Give back every record exactly, with its pictures left out.

[Opening Available records section]

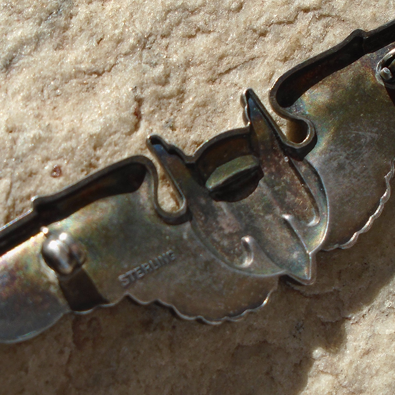 Estado de conservação 85%. Acabamento em prata, não foi polido. Hardware de fixação com pino, dobradiça e presilha, todos funcionais e originais. Marcado “Sterling” no reverso.
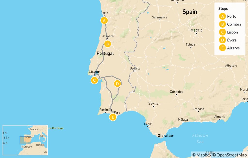 Map of Ultimate Family Trip to Portugal: Porto, Coimbra, Lisbon, Évora & the Algarve – 14 Days
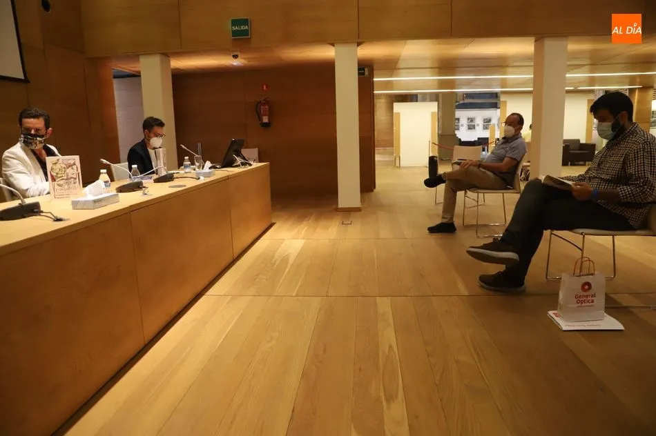 El autor ha estado acompañado de la presidenta de la asociación Salamanca Memoria y Justicia y del director del Centro Documental de la Memoria Histórica
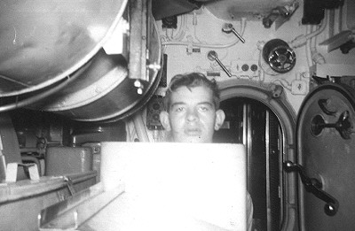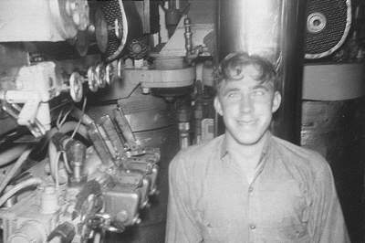 Gene Melton MM2 goofing off in the Forward Engine Room.
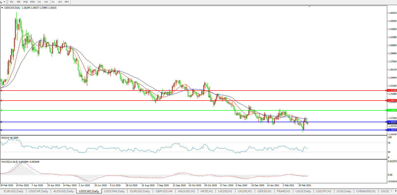 美元兑加元USDCAD 日线图:
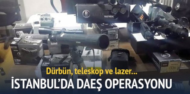 İstanbul'da terör örgütü DAEŞ'e yönelik düzenlenen operasyonlarda Çeçenistan ve Dağıstan sorumluları oldukları ileri sürülen 3 kişinin de aralarında bulunduğu 12 yabancı uyruklu kişi gözaltına alındı.İstanbul Emniyet Müdürlüğü Terörle Mücadele Şube Müdürlüğü ekipleri, uzun süreli teknik ve fiziki takip sonucu dün Büyükçekmece'de terör örgütü DAEŞ'e operasyon düzenledi. Operasyonda Çeçenistan uyruklu Muhammet Al Hac S. isimli şahıs gözaltına aldı. Şahsa ait adreste yapılan aramalarda 3 dürbün, 6 lazer mesafe ölçer ve 1 teleskop ele geçirildi. Emniyetteki işlemelerinin ardından adliyeye sevk edilen şüphelinin, çıkarıldığı mahkemece tutuklandığı bildirildi.
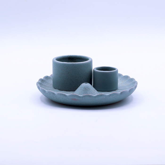 Made with care, it’s designed to hold Palo Santo sticks, smudge bundles, and incense sticks — keeping ash neatly contained while adding beauty to any space. The smooth glazed finish and floral shape make it equally decorative and practical, perfect for meditation corners, yoga studios, or cosy home interiors.
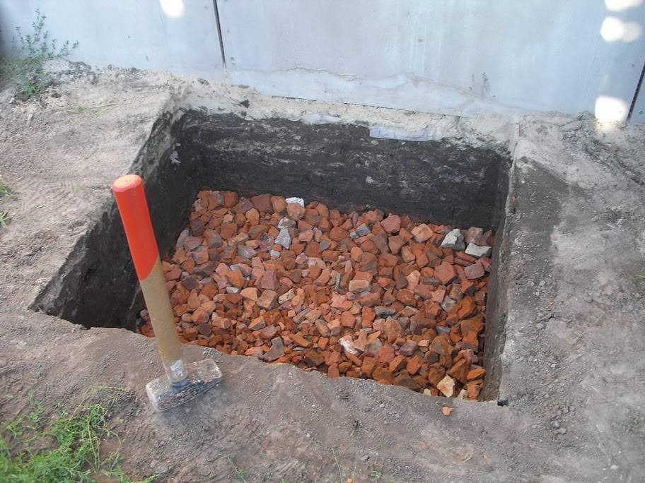 - После заливки водой поверхность тщательно трамбуется. Допускается применять дополнительную гидроизоляцию. В качестве материала рекомендуется использовать рубероид.
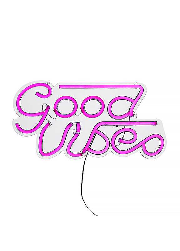 Spread positive energy with the good vibes neon light! Made from durable LEDs, this light is not only long-lasting but also less breakable than traditional neon. Its vibrant glow will energize your room, adding a fun and funky touch. Mount it easily to any wall, and power it via USB . Ideal for anyone looking to brighten their space with good vibes, this light will be a conversation starter in your home or dorm.
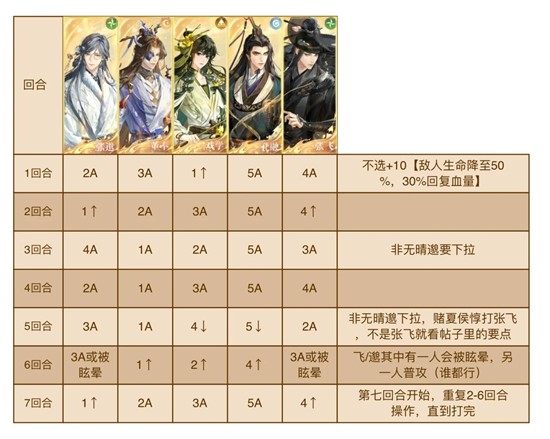 1.夏侯惇开大回合打张飞,按表格里面操作
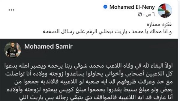 محمد النني يدعم مبادرة لمساندة عائلة لاعب فريق كفر الشيخ الراحل
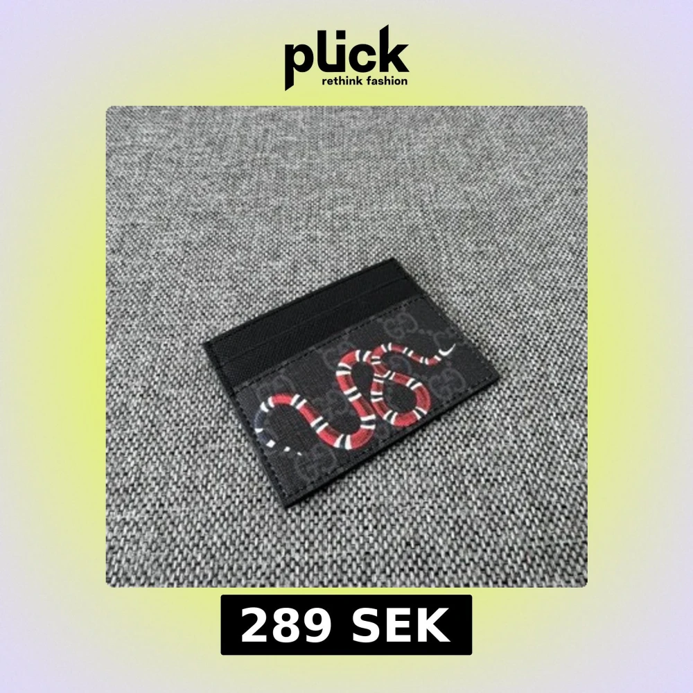 Slimmad svart plånbok från GG med ikoniskt GG-mönster och en fet röd, vit och svart ormprint på framsidan. Plånboken är tillverkad i skinn och har flera fack för kort. Perfekt för dig som vill ha något stilrent men ändå sticker ut.

[Closing Available records section]

Task result:
 Estado de conservação 85%. Acabamento em prata, não foi polido. Hardware de fixação com pino, dobradiça e presilha, todos funcionais e originais. Marcado “Sterling” no reverso.
 Map of Ultimate Family Trip to Portugal: Porto, Coimbra, Lisbon, Évora & the Algarve – 14 Days
 El autor ha estado acompañado de la presidenta de la asociación Salamanca Memoria y Justicia y del director del Centro Documental de la Memoria Histórica
 Gene Melton MM2 goofing off in the Forward Engine Room.
 美元兑加元USDCAD 日线图:
 İstanbul'da terör örgütü DAEŞ'e yönelik düzenlenen operasyonlarda Çeçenistan ve Dağıstan sorumluları oldukları ileri sürülen 3 kişinin de aralarında bulunduğu 12 yabancı uyruklu kişi gözaltına alındı.İstanbul Emniyet Müdürlüğü Terörle Mücadele Şube Müdürlüğü ekipleri, uzun süreli teknik ve fiziki takip sonucu dün Büyükçekmece'de terör örgütü DAEŞ'e operasyon düzenledi. Operasyonda Çeçenistan uyruklu Muhammet Al Hac S. isimli şahıs gözaltına aldı. Şahsa ait adreste yapılan aramalarda 3 dürbün, 6 lazer mesafe ölçer ve 1 teleskop ele geçirildi. Emniyetteki işlemelerinin ardından adliyeye sevk edilen şüphelinin, çıkarıldığı mahkemece tutuklandığı bildirildi.
 Made with care, it’s designed to hold Palo Santo sticks, smudge bundles, and incense sticks — keeping ash neatly contained while adding beauty to any space. The smooth glazed finish and floral shape make it equally decorative and practical, perfect for meditation corners, yoga studios, or cosy home interiors.
 - После заливки водой поверхность тщательно трамбуется. Допускается применять дополнительную гидроизоляцию. В качестве материала рекомендуется использовать рубероид.
 Spread positive energy with the good vibes neon light! Made from durable LEDs, this light is not only long-lasting but also less breakable than traditional neon. Its vibrant glow will energize your room, adding a fun and funky touch. Mount it easily to any wall, and power it via USB . Ideal for anyone looking to brighten their space with good vibes, this light will be a conversation starter in your home or dorm.
 1.夏侯惇开大回合打张飞,按表格里面操作
 محمد النني يدعم مبادرة لمساندة عائلة لاعب فريق كفر الشيخ الراحل
 Slimmad svart plånbok från GG med ikoniskt GG-mönster och en fet röd, vit och svart ormprint på framsidan. Plånboken är tillverkad i skinn och har flera fack för kort. Perfekt för dig som vill ha något stilrent men ändå sticker ut.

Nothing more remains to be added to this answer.